The tools come in two cases that collectively weigh 79 pounds, and they’re unique to each model of iPhone and Mac, which means you won’t save any money repairing devices for your friends and family unless they all happen to be the same models.

As things currently stand, the Self Service Repair program only covers the iPhone 12 and iPhone 13 lineups, the third-generation iPhone SE, M1 Macs, and Apple’s Studio Display. However, Apple is expanding the program to include the full iPhone 14 lineup, the M2-powered MacBook Pro, and the 13-inch MacBook Air. The just-released 15-inch MacBook Air isn’t part of the program yet, despite using the same M2 chip as its smaller sibling.

The timing of this is interesting, as Apple’s first M2 MacBooks were released around this time last year, which means the warranties on those first new models are expiring now. The same will be true of the iPhone 14 in the fall.

Of course, there’s no point in paying for the parts to repair something yourself if Apple will fix it at no cost to you. However, since physical damage isn’t covered unless you have AppleCare+, DIY screen replacements may be a tempting proposition.

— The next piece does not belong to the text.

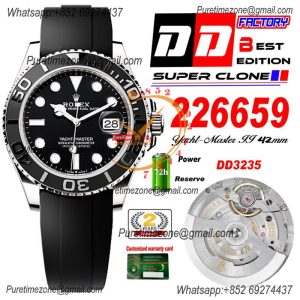 Yacht-Master 42 226659 A3235 Automatic Mens Watch Best Edition DDF 3D Ceramic Bezel Black Dial Oysterflex Strap

While conducting a repair on a device that’s still covered under warranty won’t automatically void the warranty as long as everything goes according to plan, you’ll be on your own if you damage your iPhone or MacBook in the process of a DIY repair.

Simplifying System Configuration

One of the most significant challenges to DIY repairs on iPhones is the way that Apple “serializes” certain parts, requiring them to be paired up through a software process before they’ll work properly.

In some cases, this is necessary for security. For instance, Touch ID and Face ID sensors need to be properly linked with the Secure Enclave to prevent the possibility of fake or malicious hardware components being connected in an attempt to bypass the secure authentication. Other components like displays, batteries, and cameras must be calibrated to ensure proper operation and that they’re “genuine Apple parts.” Some repair experts question how necessary this is, but it is what it is — Apple’s game, Apple’s rules.

The ability to run this System Configuration process after ordering genuine Apple parts and swapping them in yourself is another advantage of Apple’s Self Service Repair program. Without that step, things won’t work correctly; at the very least, you’ll get warnings about a “non-genuine” Apple part, and at worst, you could end up with broken features like Face ID or battery health.

Initially, the System Configuration required a phone call to Apple’s Self Service Repair support team, who would need to run the final step of the repair based on the serial number of your device and the parts they had sent you. Thankfully, Apple is simplifying this process:

“Self Service Repair users can now initiate System Configuration by placing their devices into Diagnostics mode and following onscreen prompts. Users no longer need to contact the Self Service Repair support team to run the final step of a repair, but the team will still be available to assist as needed.”

In addition to the iPhone 14 and M2 MacBooks, Apple is also adding the True Depth camera and top speaker for iPhone 12 and iPhone 13 models to the Self Service Repair program.